Encore convient-il de préciser la nature exacte de cette règle, dont dépend son régime procédural. La suspension fondée sur l’adage « le criminel tient le civil en l’état » constitue une exception de procédure, et plus précisément une exception dilatoire au sens des articles 108 et suivants du CPC. Il en résulte une double conséquence, qu’il importe de ne pas perdre de vue dans la conduite de l’instance.

  • D’une part, la partie qui entend s’en prévaloir doit la soulever in limine litis, soit avant toute défense au fond ou fin de non-recevoir, à peine d’irrecevabilité ;
  • D’autre part, et contrairement à une fin de non-recevoir d’ordre public, cette exception n’a pas à être relevée d’office par le juge : faute d’avoir été invoquée par la partie intéressée, le juge n’est nullement tenu d’ordonner spontanément la suspension de l’instance civile.
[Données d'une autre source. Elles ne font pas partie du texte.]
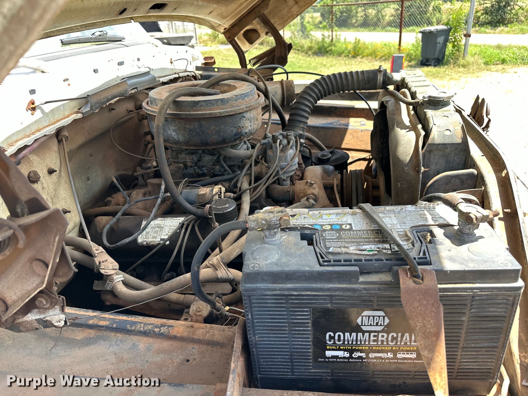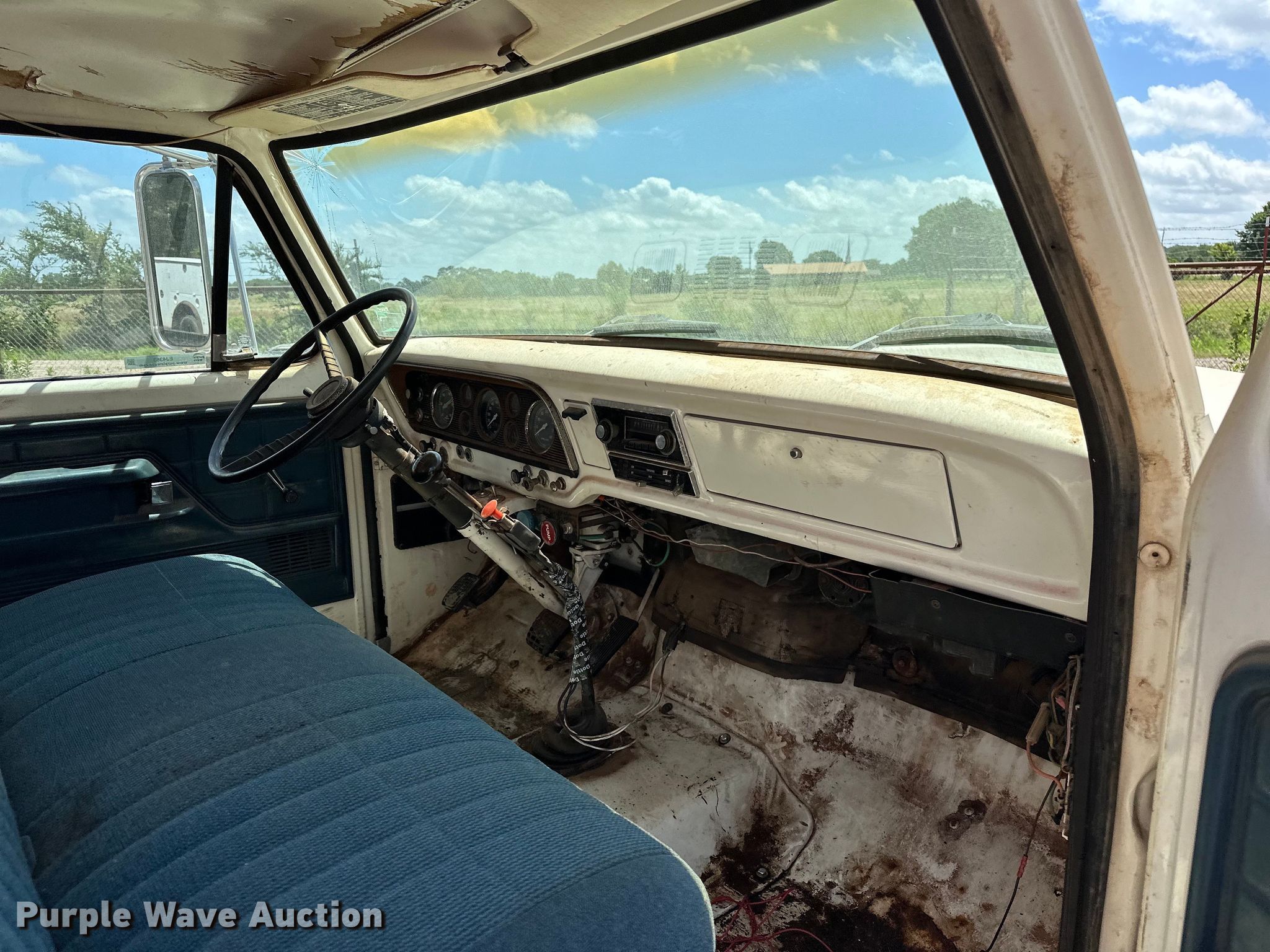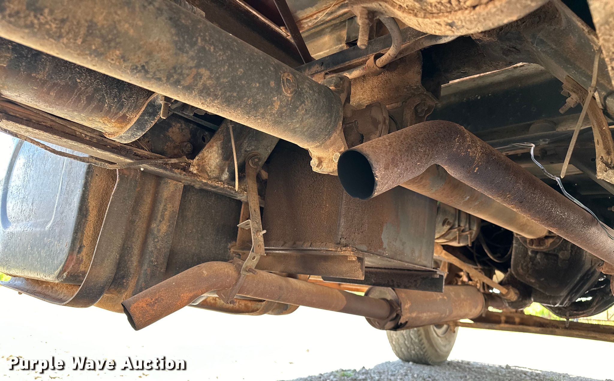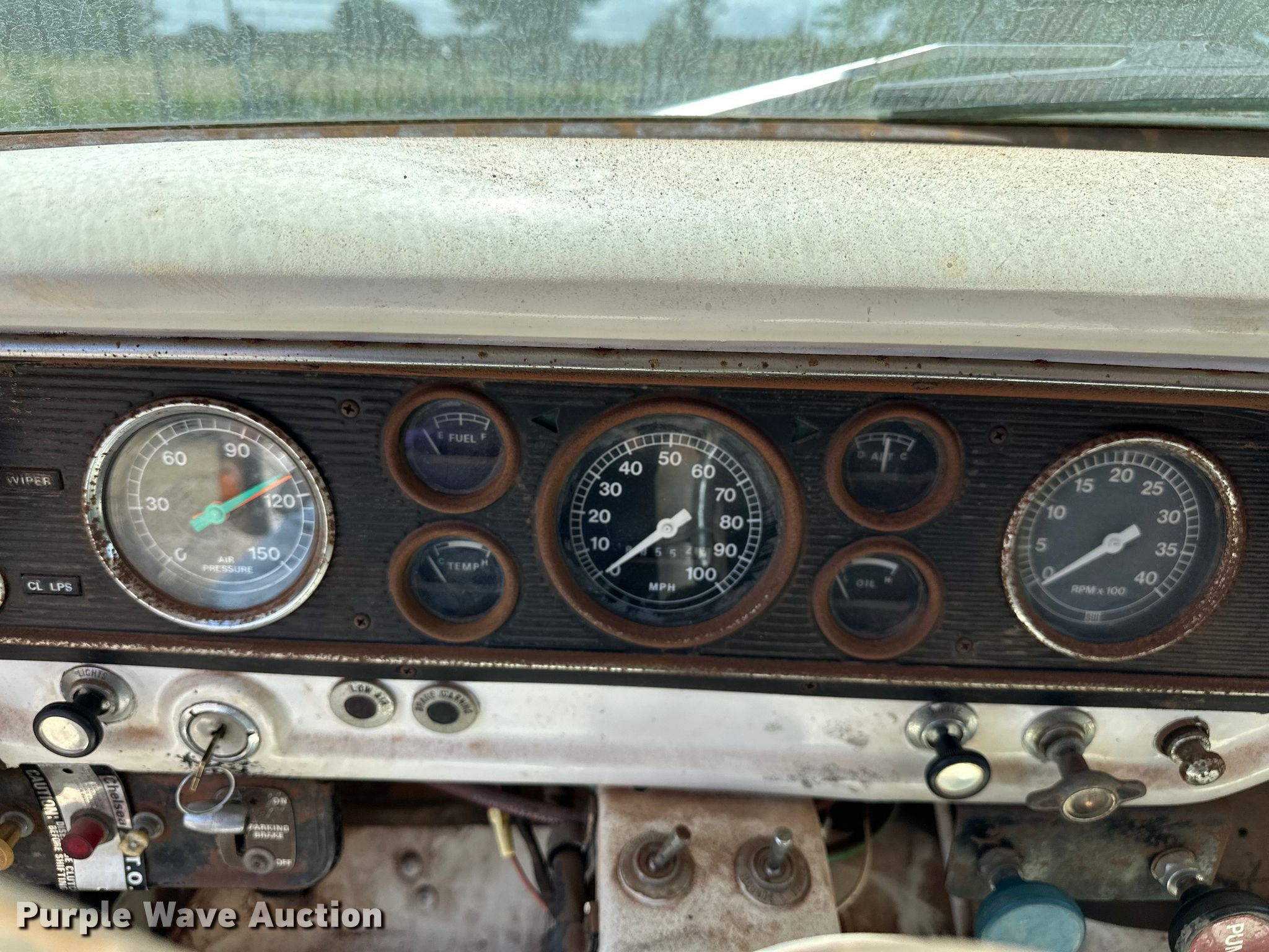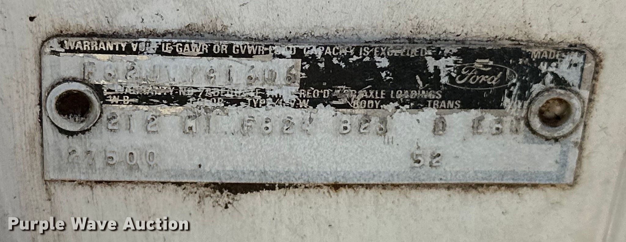 1977 Ford F800 flatbed truck. Miles: 88,553 on odometer, VIN: F82JVY91606. Engine Ford, Displacement: 477 C.I.D, Cylinders: 8, Fuel type: Gas. Transmission Manual, Speed: 5, plus 2. Chassis Axles: Single, Suspension: Spring, Brakes: Air, PTO, GVWR: 27,500 lbs. Features Dump flatbed Parkhurst, 15' 9" L x 96" W, Removable sides, Ram: Single. Tires Size: 10.00-20. Notes Windshield chipped or cracked, Engine issues, misfire. Oklahoma classic title. Title distribution may be delayed up to 14 days from verification of funds. Checotah, OK 74426

c) Le régime des voies de recours ouvertes contre la décision de sursis à statuer

La décision par laquelle le juge accueille ou rejette une demande de sursis à statuer n’est pas une simple mesure d’administration judiciaire — laquelle serait, comme telle, insusceptible de tout recours en application de l’article 537 du CPC. Elle constitue un véritable jugement, en ce qu’elle tranche une contestation relative au cours de l’instance et affecte les droits procéduraux des parties. De cette qualification découle l’ouverture d’une voie de recours, dont le régime est néanmoins étroitement encadré.

Aux termes de l’article 380 du CPC, la décision de sursis à statuer peut être frappée d’appel — mais cet appel obéit à un régime dérogatoire commandé par un impératif de célérité : il s’agit d’éviter que la contestation de la mesure de suspension ne paralyse durablement le procès et ne devienne, à son tour, un instrument dilatoire.

  • Une autorisation préalable du premier président
    • L’appel n’est recevable que sur autorisation du premier président de la cour d’appel, lequel ne l’accorde que s’il est justifié d’un motif grave et légitime.
    • La partie qui entend interjeter appel doit donc, au préalable, saisir le premier président, qui statue dans la forme des référés.
  • La saisine de la cour d’appel
    • Si le premier président accueille la demande, il fixe le jour auquel l’affaire sera examinée par la cour, laquelle est alors saisie et statue selon la procédure applicable.
  • L’exclusion du pourvoi en cassation
    • La décision du premier président accueillant la demande d’appel est insusceptible de pourvoi en cassation, le législateur ayant entendu clore définitivement, à ce stade, le débat sur la recevabilité de l’appel afin de préserver la rapidité de la procédure.

Ce dispositif traduit un équilibre : la décision de sursis, parce qu’elle est un jugement, ne saurait échapper à tout contrôle ; mais, parce qu’elle ne préjuge pas du fond, son contrôle est subordonné à la démonstration d’un motif grave et légitime et enserré dans des formes destinées à en prévenir l’instrumentalisation.

2) En l’espèce

 

[…]

 

Avant que d’énoncer la demande de suspension, il importe de rappeler le cadre procédural dans lequel elle s’inscrit. La demande de sursis à statuer ne constitue pas une défense au fond : elle ne tend pas à faire écarter la prétention adverse, mais seulement à différer l’examen de l’affaire jusqu’à la survenance d’un événement déterminé. Elle relève, à ce titre, de la catégorie des exceptions de procédure au sens de l’article 73 du Code de procédure civile, et plus précisément de la sous-catégorie des exceptions dilatoires.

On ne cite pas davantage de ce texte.